Objective: Enable fluid data access regardless of infrastructure constraints (e.g., storage types, runtime environments) without developing controller code.
- Unified Cache Runtime Framework
- Enable integration of new cache runtimes(e.g., Cubefs, DragonFly) via a generic Cache Runtime interface with minimal code changes.
- Standardize APIs for cache engine compatibility (e.g., Alluxio, Vineyard, JuiceFS).
- Adaptive Data Access:
- Data Access Mode based on Scheduler's Decsion:
- Shared-Kernel Nodes → Use CSI plugins for direct mounting.
- Kata Containers → Switch to sidecar-based container.
- Data Access Mode based on Scheduler's Decsion:
- ThinRuntime Productization:
- Improve stability and performance for large-scale deployments.
- Minimum container permission (remove the privileged permission of FUSE Pod)
Objective: Achieve cross-region, cross-cluster, and cross-platform data mobility and accessibility.
-
Multi-Cluster Dataset Unified Management
- Global Dataset: Create datasets pointing to the same data source across clusters.
- Queue Integration: Orchestrate dependencies between data preparation and task scheduling.
- Persistent Data Mirroring
- Region-Aware Replication: Automatically mirror datasets across clouds/regions.
- Consistency Guarantees: Support both eventual and strong consistency models.
-
Efficient Data Prewarming & Migration
- Distributed Prewarming: Maximize bandwidth utilization for fast data loading.
- Throttling Control: Limit bandwidth usage during prewarming to avoid saturation.
- Rsync Optimization: Improve cross-region sync efficiency.
-
Elastic Caching & Scheduling:
- Disk-Aware Scheduling: Optimize workload placement based on disk capacity, utilization, and locality.
- Intelligent Scaling:
- Recommend underutilized Pods for scaling (cost/performance-aware).
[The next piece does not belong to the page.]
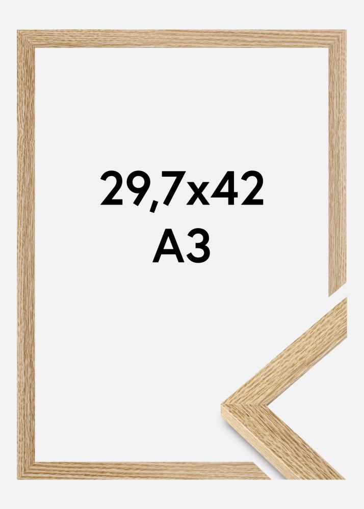 Dieser Bilderrahmen in Eiche-Optik zeichnet sich durch sein klassisches Vierkant-Profil, die Rahmenleiste mit einer Breite und Tiefe von 18 mm sowie durch die Oberfläche mit ansprechender Holzstruktur aus. Der natürliche Charakter dieses schönen Holz-Bilderrahmens passt wunderbar zu Naturmotiven oder zu modernen Bildern, die zum Design des Bilderrahmens in spannendem Kontrast stehen und so die Bildeinrahmung zu einem attraktiven Blickfang machen. Der passende Rahmen für Bilder im DIN A3-Format verleiht Ihrem Bild eine ästhetische Präsentation und eine imposante Präsenz in jedem Raum.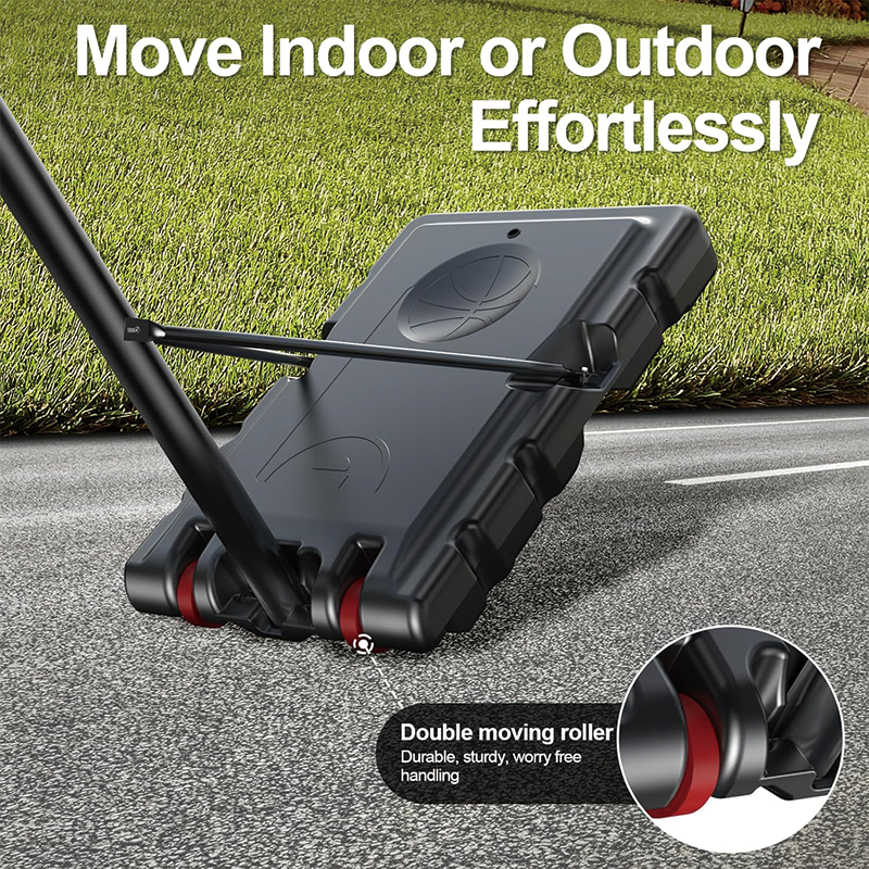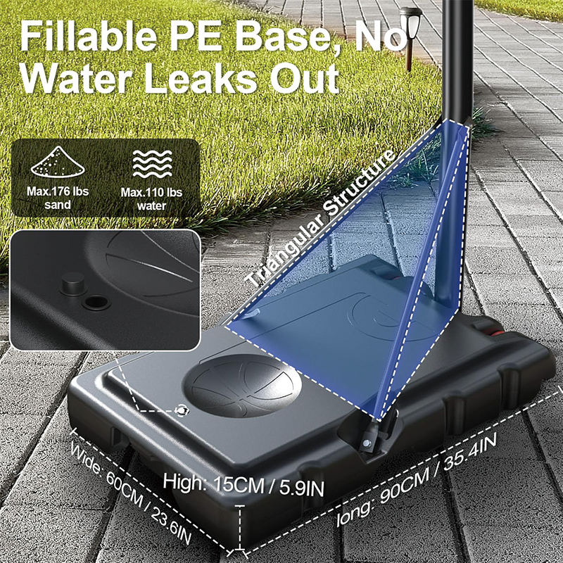 The base built-in 2 wheels, making it easy for you to move the hoop around, you can place it in backyards, basketball court, gyms, swimming pool and other indoor and outdoor places. This Outdoor Basketball Hoop Stand is equipped with a triangular support structure provides exceptional stability during play, the base uses PE material, fill it with 110 lbs water or 170 lbs sand to ensure stability of the base. It is more recommended to use sand to fill the base.

- Ensure cache engines adapt to dynamic throughput post-scaling.
- Cloud-Agnostic Recovery: Rebuild caches across regions using cloud disk snapshots.
-
Observability-Driven Optimization
- Pattern Recognition: Analyze data access patterns to auto-inject acceleration components (e.g., caching, prefetching).
- Idle Dataset Detection: Identify unused datasets via reference counting and access history.
-
Application-Side Acceleration
- Transparent Prefetching:
- Inject sidecar containers to prefetch data dynamically (e.g., Alluxio/Fluid Runtime).
- Auto-adjust prefetch strategies (block size, concurrency) based on access patterns.
- Dynamic SDK Injection: Attach acceleration SDKs to Pods via Fluid Admission Controller (no base image modification).
- Transparent Prefetching:
Core Goal: Ensure real-time, adaptive, and intelligent data availability for workloads.
- Temporal Workflows with Kueue:
- Trigger ML jobs (TFJob, PyTorchJob) after prewarming completes.
- Automate post-job cleanup (data migration/cache eviction).
- Dynamic Volume Mounting:
- Support dynamic volume mounting capabilities for multi-cloud/hybrid-cloud scenarios.
- Enable dyanmic data mount operations in Python SDK.